Let's make it even harder! Let's make this thing scary. Sometimes you get really crazy problems; you don't know what to do. Let's say we have another force. Let's say this force is going to be a diagonal force, so we're going to pull this way. Oh, that was not a well-drawn force. Let me draw it like this.
So we got a force this way at an angle. Now, now we're talking! Let's say this is F3, F3 at an angle of, we'll call it fi. So the angle from this horizontal line here is fi. Now, what do we do? So I've got this crooked angle in here now. This F3 is going to be pointing this way, so I'll add another force to my force diagram, and I can figure out how to include this into my vertical force version of Newton's Second Law.
I can't include the entire F3 force. Here's a mistake people make. They want to just add F3 or subtract F3, but I can't do that. This is the vertical form of Newton's Second Law. This is only applying to the vertical direction, the y-direction. But F3 is pointing both vertically and horizontally!
So I have to only include the vertical part of F3 in this formula. So what I have to do is say that, all right, F3 is going to have a vertical component. That vertical component I'll call it F3y for F3 in the vertical direction, and it's also going to have a horizontal component. I'll just call that F3x for F3 in the horizontal direction.
So if I want to solve for F3y, I'll just use the definition of sine, and I know to use sine because this side is the opposite to this angle, and I know sine relates opposite side. So I'm going to write this as sine of fi is going to equal the opposite side is F3y, so F3 in the y-direction divided by F3 total, the total magnitude of F3.

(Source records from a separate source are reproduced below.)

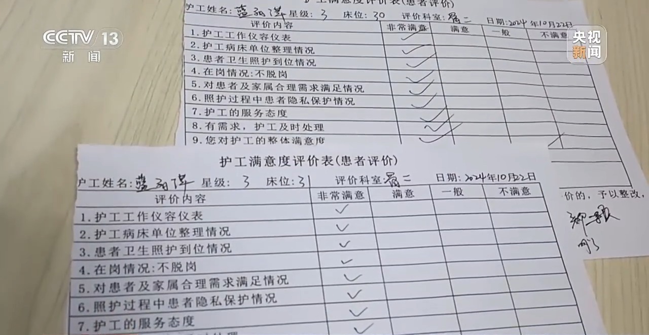 除了医院监督考核,“免陪护病房”的患者也需要在出院前对护理员考核打分,院方和患者的评价,会影响到护理员的职业发展。
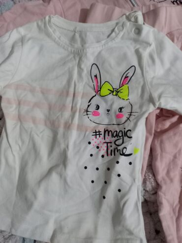 - Ağ uzunqol köynək. Çiyində iki düymə ilə rahat geyinmə imkanı, önündə rəngli dovşan printi və “#magic Time” yazısı.
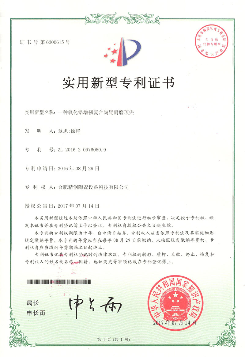(2017實(shí)用新型)一種氧化鋯增韌復(fù)合陶瓷耐磨頂尖
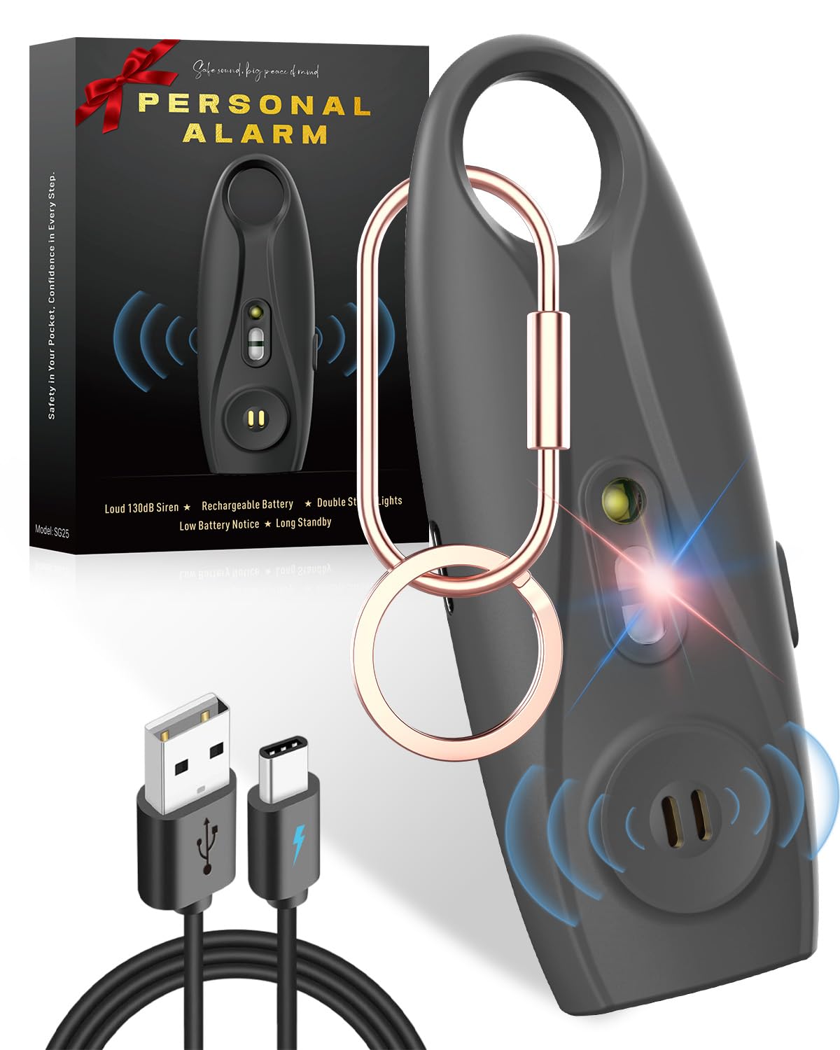 Alarma de seguridad personal, sirena fuerte recargable por USB de 130 dB con luces estroboscópicas dobles, linterna LED, aviso de
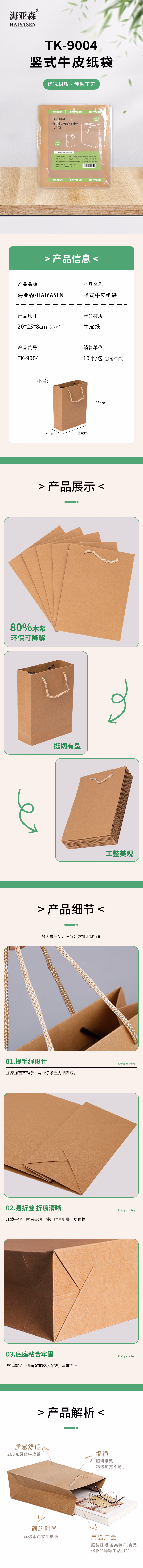 海亚森 TK-9004 20*25*8cm (棉绳黄浆)小号 竖式牛皮纸袋 10.00 个/包 (计价单位:包) 本色
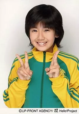 生写真(ハロプロ)/アイドル/°C-ute °C-ute/岡井千聖/バストアップ・ジャージ黄色、緑・両手ピース/公式生写真
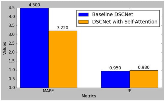 Comparison of MAPE, MAE, and R2 metrics between the baseline DSCNet and DSCNet with self-attention.
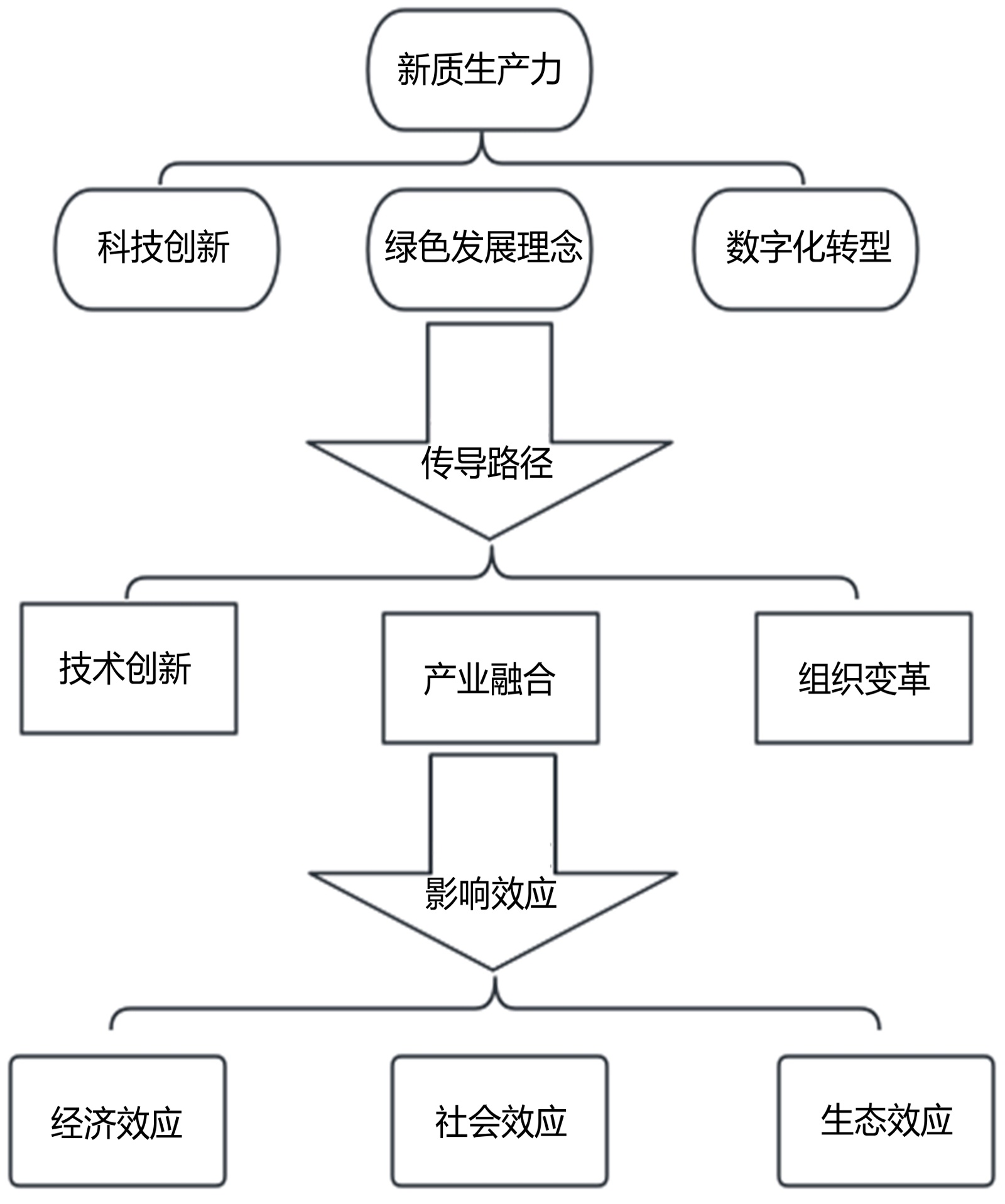 新质生产力通过科技创新、绿色发展和数字化转型等核心要素,以技术创新、产业融合和组织变革为传导路径,对农村集体经济的经济效益、社会效益和生态效益产生了全方位的积极影响,这一理论框架(图1)清晰地揭示了新质生产力赋能农村集体经济的内在机理。这不仅丰富了农村发展的理论体系,更为农村经济发展提供了新的分析视角和理论支撑。
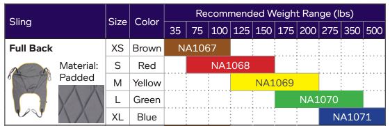 | Size | Color | Recommended Patient Weight | SKU |
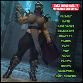 This outfit comes with many of V4's Morph ++ morphs as well as Aiko 4's Aiko Body, Realistic, Stylized and Petite morphs, the Elite Morphs Utopian, Sylph and Fantasia and the Girl 4 morphs.
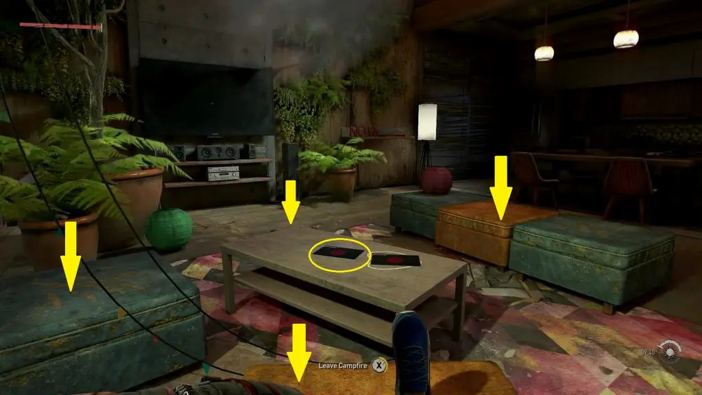 Now go to the room with a TV. Sit on the 4 chairs in the room marked with yellow arrows in the picture below. Rest on the final chair for some time, until a blueprint appears on the table in front of you as shown in the picture below. This blueprint is for Korek Charm, which gives infinite durability to weapons.

And if I solve this for F3y, I get F3 in the y-direction is going to equal F3 * sine of fi. Now I can include this in my force, my net force 'cause this points upward. So since it points up, this vertical component is going to add a plus F3 sine fi over here.
Or, sorry, not fi; it's going to be F3 sine fi, and I'll have a plus F3 sine fi right here, and when we subtract this F3 sine fi from the other side to get it over to here, we're going to get minus F3 sine fi. And that makes sense because if we pull up, we know we're reducing some of the pressure.
We’ll reduce the normal force, so this component—look at this component—points up. It's reducing some of the pressure on the bottom of the shoe; the normal force goes down, and so we subtract F3 sine fi.
And one more way to step this problem up to the next level would be to say that this room isn't really just a room; maybe it's an elevator, and this elevator is accelerating upward with some acceleration az. In that case, nothing would change on this right-hand side. Sometimes people think if there's acceleration, there's going to be some new force, but if these are the forces, those are the forces.
The only thing that changes over here if this was in an elevator that's accelerating up is that instead of zero, you'd replace this with az or whatever the acceleration is. That's it! That's the only change! You could still solve for FN the same way when you multiply by m. It wouldn't be zero on the left anymore; you'd have an ma, and then a plus ma when you solve for the normal force.
All right! I think we've pretty much exhausted this example of a shoe on the floor. That's probably harder than any example you'll see, but now you know how to handle any type of force you might meet or acceleration.